Troy Tulowitzki’s two-run shot in the second inning was just the start of the Toronto Blue Jays’ home-run barrage as they beat the Texas Rangers 5-3 Friday afternoon at Globe Life Park to take a 2-0 series lead.

Kevin Pillar, Ezequiel Carrera and Edwin Encarnacion also homered for the Blue Jays, all of the solo variety and all in the fifth inning, which was the final inning of the game for Rangers starter Yu Darvish.

It wasn’t J.A. Happ finest, or longest start, but he did enough to pick up his first career postseason win. The Blue Jays left-hander gave up nine hits – all singles – and one run over five innings and struck out five. Texas scored their second run on a Carlos Gomez RBI single in the eighth off Francisco Liriano and added another on a RBI groundout by Ian Desmond with Roberto Osuna on the mound.

Adrian Beltre led off the bottom of the ninth with a double but Osuna rebounded quickly to strike out Rougned Odor, get Jonathan Lucroy to pop up and Mitch Moreland to fly out to center field to earn the save.

In all, the Rangers outhit Toronto 13 to 6, but the Blue Jays’ hits were big flies and those are always guaranteed to bring home runs. Thanks to those homers, Toronto gets to head home with the opportunity to end the series with a win in Game 3.

Edwin Encarnacion and Troy Tulowitzki homered in Toronto's Game 2 win. (Getty Images)
Edwin Encarnacion and Troy Tulowitzki homered in Toronto’s Game 2 win. (Getty Images)

• Tulowitzki came up with a big hit again for the Blue Jays, after his three-RBI triple in Game 1. His production at the plate during his season and a half with Toronto hasn’t come close to matching what he consistently did while with the Rockies, but he has had a knack for coming up huge in clutch situations.

• Pillar and Carrera are not known as home-run hitters. They hit seven and six apiece in the regular season, but they were able muscle up against Darvish and make a one-run lead a three-run lead. For Pillar it was his first homer since June 16.

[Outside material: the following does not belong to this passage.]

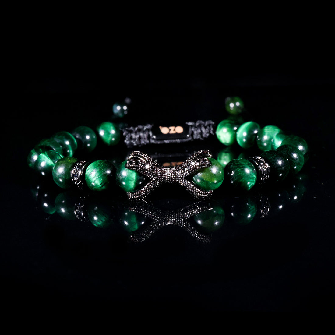 OZO Square Green Tiger Eye & Onyx Macramé Bracelet

• A day after Cole Hamels was roughed up in Game 1, Darvish allowed four homers over five innings. The Rangers expected more from their dynamic duo at the top of their rotation and are now in real danger of being eliminated from the playoffs much earlier than expected.

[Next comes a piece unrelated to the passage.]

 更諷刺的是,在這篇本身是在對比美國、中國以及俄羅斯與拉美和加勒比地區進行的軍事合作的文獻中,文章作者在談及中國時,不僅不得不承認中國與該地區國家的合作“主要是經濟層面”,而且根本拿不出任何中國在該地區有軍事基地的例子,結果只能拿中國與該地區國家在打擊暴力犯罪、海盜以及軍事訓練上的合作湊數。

• Lucroy was acquired before the trade deadline to put Texas over the top. He went 0-for-5 in Game 2, which followed an 0-for-3 day with two strikeouts in Game 1 with some shoddy catching behind the plate.

So far this postseason has been all about closers and when, or whether or not, they pitch. Osuna, Toronto’s closer, was called on by manager John Gibbons with one out and runners at the corners in the eighth to get a five-out save. One run came in on an RBI groundout to make it two outs but that still brought Carlos Beltran to the plate as the tying run. The battle between Osuna and Beltran went seven pitches, but it was the Blue Jays’ closer who ultimately came out on top, striking out Beltran on a nasty breaking ball to end the inning.

Is the Blue Jays’ offense back? Last season, especially late in the year, Toronto’s lineup was as deep and dynamic as we had seen in a long time. They weren’t able to replicate those heights in 2016, but their performances in the first two games of this series is reminding everyone what they can do when they’re at their best.

The Rangers know coming back from a 2-0 series deficit isn’t impossible, even in a best-of-five. These Blue Jays did it against them last year, and did so in dramatic fashion. The rest of history, however, is certainly against them as they go to Toronto needing to win both games on the road for the series to return to Texas for Game 5.

The Blue Jays send All-Star right-hander Aaron Sanchez to the mound as they go for the sweep in Game 3 at 7:30 p.m. ET on Sunday in Toronto. Colby Lewis will start for the Rangers and try to deliver what Hamels and Darvish couldn’t – a win – otherwise Texas’ season might be over and the Jays will be moving on to the ALCS.